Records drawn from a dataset
**********

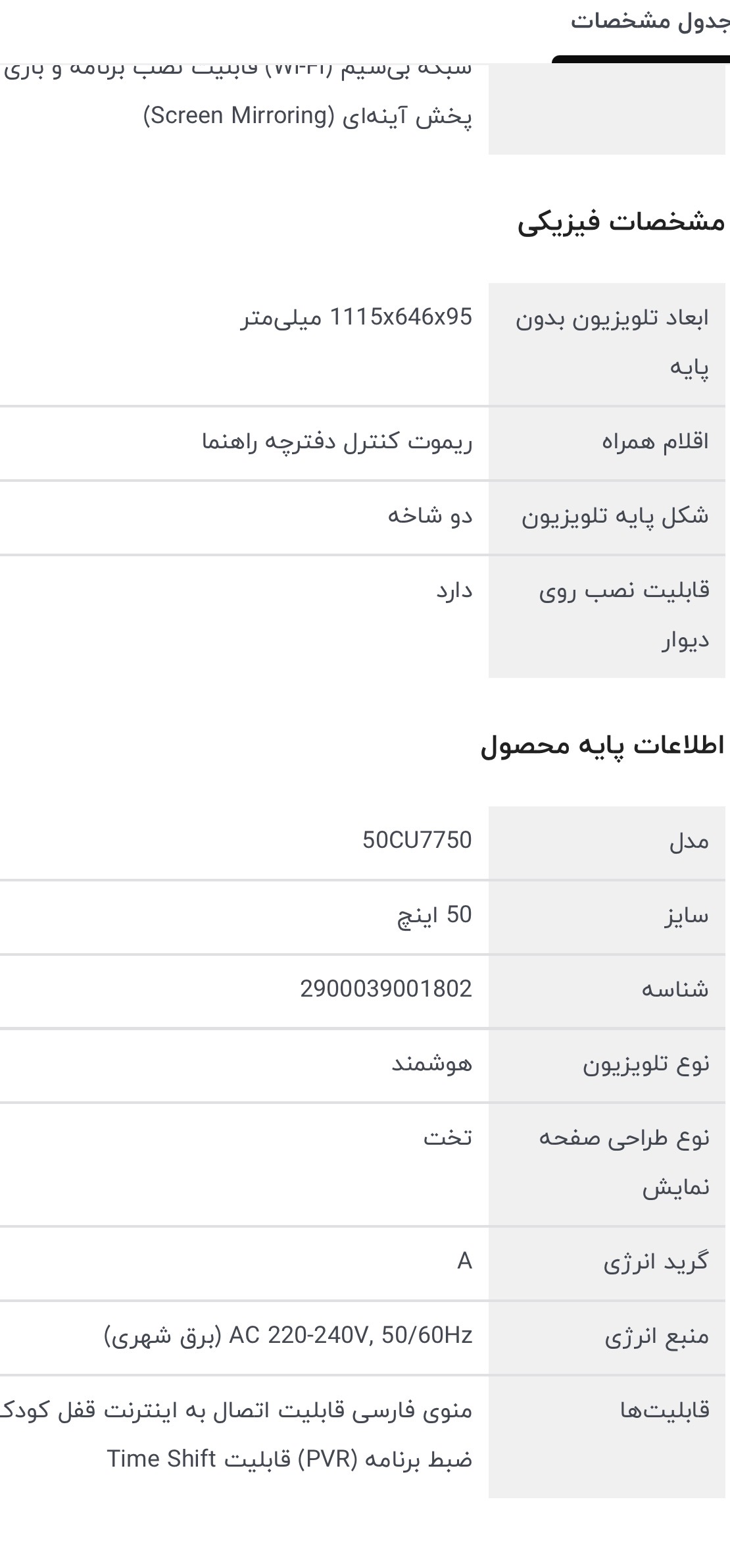 تلویزیون 50 اینچ ال ای دی هوشمند سام مدل UA50CU7750CC
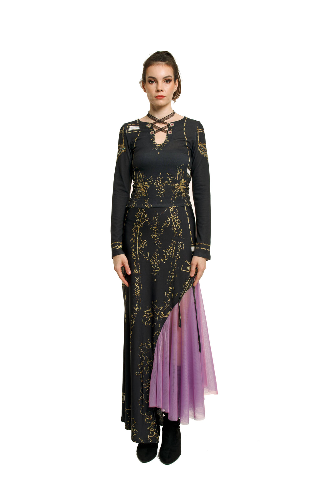 Elevate your wardrobe with the unique charm of our Paper Dolls Rhinestone Embellished Shirt from the Autumn/Winter collection. Inspired by the whimsical artistry of paper doll cut-outs, this top features intricate illustrations and is adorned with delicate hand-made rhinestone embellishments throughout, adding a touch of elegance to every outfit. Crafted for a slim fit, the shirt contours to your silhouette while ensuring comfort and sophistication. The model, standing at 5'7", wears a Size S/M, showcasing its true-to-size design. Perfect for pairing with skirts or pants from the same collection, this shirt is a versatile statement piece that embodies artful style. Add a dash of luxury and playfulness to your ensemble with this standout piece from our exclusive collection.
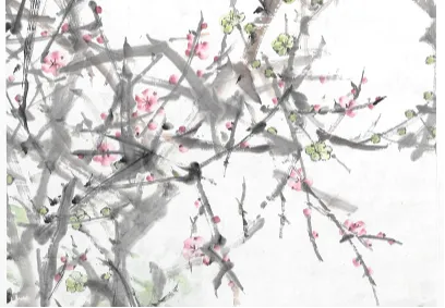 他的作品往往透着一种“清冷”之气。这幅画作不仅是自然景象的描绘,更是他作为“出家僧人”超然世外、淡泊名利的人格写照。站在这幅《梅鹤图》前,我们能感受到虚谷对传统文人画的当代转译。他用那种“宁方勿圆”的断续线条,在百年前的上海画坛开创了一种前卫的审美结构。
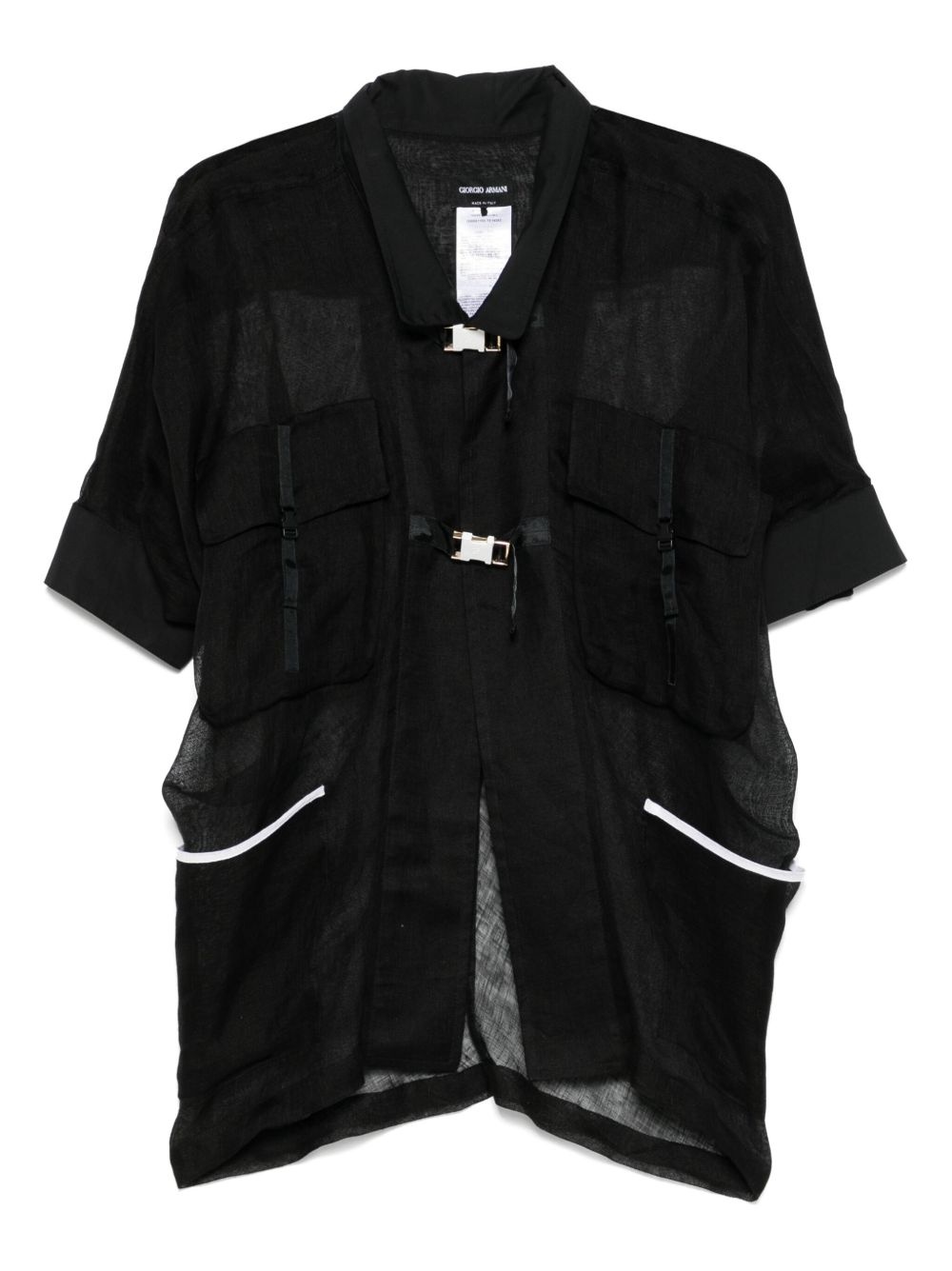 short-sleeved shirt Highlights - Black - Front buckle fastening - Two chest flap pockets - Two front patch pockets - Press-stud fastening cuffs Made in Italy Composition Linen/Flax 100%, Cotton 100%, Polyamide 100% SIZE & FIT Model measurements Height 5 ft 10 in(1.79 m) Bust/Chest 33.07 in(84 cm) Hips 35.82 in(91 cm) Waist 24.01 in(61 cm) FittingInformation Designed to be unstructured, offering a loose fit throughout Made from a midweight non-stretch fabric
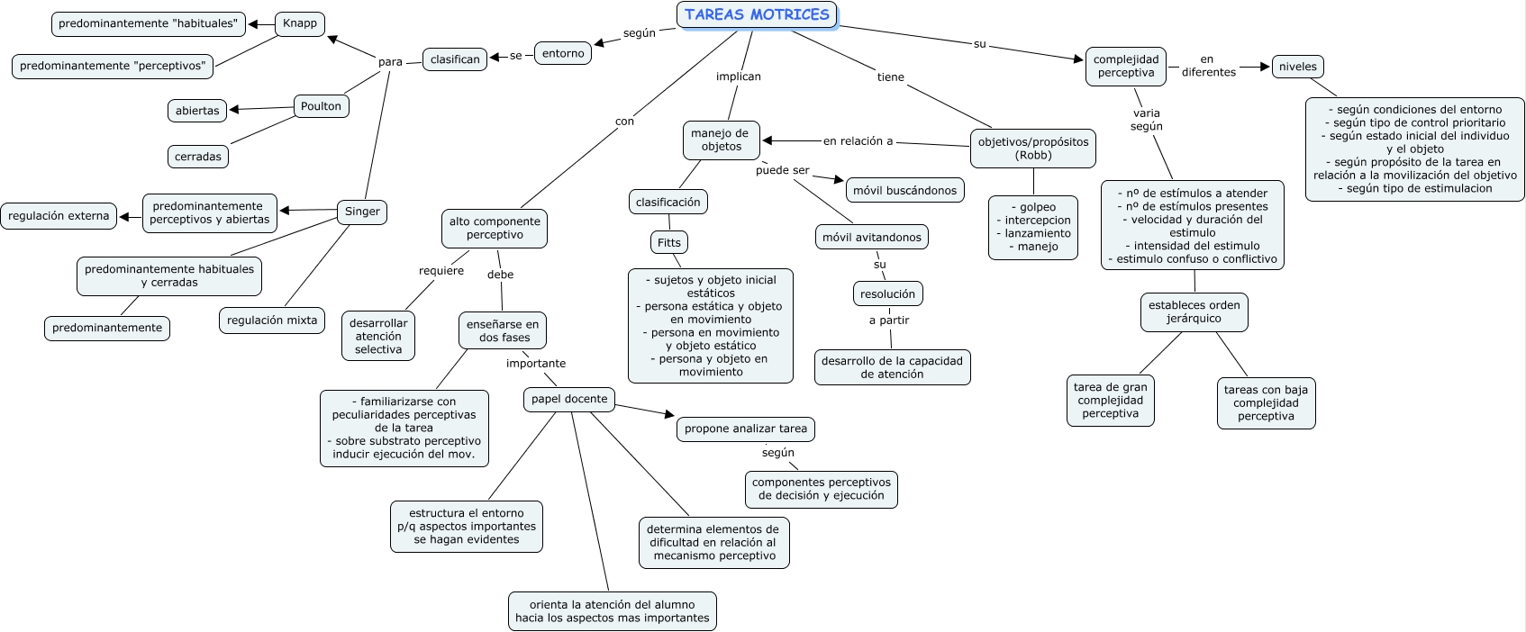 Este Cmap, tiene información relacionada con: Sanchez Bañuelo (Argañaraz, Martinez, Hahn), papel docente ???? orienta la atención del alumno hacia los aspectos mas importantes, Singer ???? regulación mixta, resolución a partir desarrollo de la capacidad de atención, objetivos/propósitos (Robb) en relación a manejo de objetos, TAREAS MOTRICES implican manejo de objetos, clasifican para Singer, Knapp ???? predominantemente "perceptivos", manejo de objetos puede ser móvil buscándonos, manejo de objetos puede ser móvil avitandonos, enseñarse en dos fases importante papel docente, papel docente ???? propone analizar tarea, papel docente ???? determina elementos de dificultad en relación al mecanismo perceptivo, - nº de estímulos a atender - nº de estímulos presentes - velocidad y duración del estimulo - intensidad del estimulo - estimulo confuso o conflictivo ???? estableces orden jerárquico, complejidad perceptiva en diferentes niveles, complejidad perceptiva varia según - nº de estímulos a atender - nº de estímulos presentes - velocidad y duración del estimulo - intensidad del estimulo - estimulo confuso o conflictivo, clasifican para Knapp, TAREAS MOTRICES con alto componente perceptivo, predominantemente habituales y cerradas ???? predominantemente, Singer ???? predominantemente habituales y cerradas, Knapp ???? predominantemente "habituales"
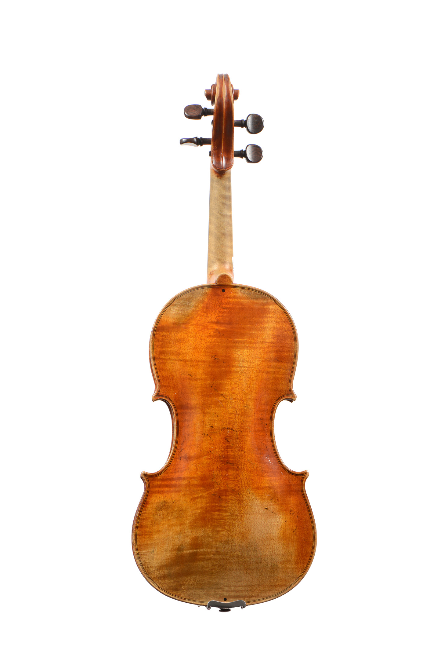 fait par Pierre Claudot, à Dijon en 1966, pour mademoiselle Raphaelle Des Graviers, "en hommage à son talent". Fond d'une pièce aux ondes douces, irrégulières. Eclisses sans ondes. Tête du même bois. Table en épicéa aux pores réguliers plutôt serrés. 357 mm. En parfait état de jeu. Avec certificat de RAMPAL.

**********

• _Assigned task_: The output is the data above, repeated exactly, with pictures omitted.

• _Exercise answer_:
 تلویزیون 50 اینچ ال ای دی هوشمند سام مدل UA50CU7750CC
 Elevate your wardrobe with the unique charm of our Paper Dolls Rhinestone Embellished Shirt from the Autumn/Winter collection. Inspired by the whimsical artistry of paper doll cut-outs, this top features intricate illustrations and is adorned with delicate hand-made rhinestone embellishments throughout, adding a touch of elegance to every outfit. Crafted for a slim fit, the shirt contours to your silhouette while ensuring comfort and sophistication. The model, standing at 5'7", wears a Size S/M, showcasing its true-to-size design. Perfect for pairing with skirts or pants from the same collection, this shirt is a versatile statement piece that embodies artful style. Add a dash of luxury and playfulness to your ensemble with this standout piece from our exclusive collection.
 他的作品往往透着一种“清冷”之气。这幅画作不仅是自然景象的描绘,更是他作为“出家僧人”超然世外、淡泊名利的人格写照。站在这幅《梅鹤图》前,我们能感受到虚谷对传统文人画的当代转译。他用那种“宁方勿圆”的断续线条,在百年前的上海画坛开创了一种前卫的审美结构。
 short-sleeved shirt Highlights - Black - Front buckle fastening - Two chest flap pockets - Two front patch pockets - Press-stud fastening cuffs Made in Italy Composition Linen/Flax 100%, Cotton 100%, Polyamide 100% SIZE & FIT Model measurements Height 5 ft 10 in(1.79 m) Bust/Chest 33.07 in(84 cm) Hips 35.82 in(91 cm) Waist 24.01 in(61 cm) FittingInformation Designed to be unstructured, offering a loose fit throughout Made from a midweight non-stretch fabric
 Este Cmap, tiene información relacionada con: Sanchez Bañuelo (Argañaraz, Martinez, Hahn), papel docente ???? orienta la atención del alumno hacia los aspectos mas importantes, Singer ???? regulación mixta, resolución a partir desarrollo de la capacidad de atención, objetivos/propósitos (Robb) en relación a manejo de objetos, TAREAS MOTRICES implican manejo de objetos, clasifican para Singer, Knapp ???? predominantemente "perceptivos", manejo de objetos puede ser móvil buscándonos, manejo de objetos puede ser móvil avitandonos, enseñarse en dos fases importante papel docente, papel docente ???? propone analizar tarea, papel docente ???? determina elementos de dificultad en relación al mecanismo perceptivo, - nº de estímulos a atender - nº de estímulos presentes - velocidad y duración del estimulo - intensidad del estimulo - estimulo confuso o conflictivo ???? estableces orden jerárquico, complejidad perceptiva en diferentes niveles, complejidad perceptiva varia según - nº de estímulos a atender - nº de estímulos presentes - velocidad y duración del estimulo - intensidad del estimulo - estimulo confuso o conflictivo, clasifican para Knapp, TAREAS MOTRICES con alto componente perceptivo, predominantemente habituales y cerradas ???? predominantemente, Singer ???? predominantemente habituales y cerradas, Knapp ???? predominantemente "habituales"
 fait par Pierre Claudot, à Dijon en 1966, pour mademoiselle Raphaelle Des Graviers, "en hommage à son talent". Fond d'une pièce aux ondes douces, irrégulières. Eclisses sans ondes. Tête du même bois. Table en épicéa aux pores réguliers plutôt serrés. 357 mm. En parfait état de jeu. Avec certificat de RAMPAL.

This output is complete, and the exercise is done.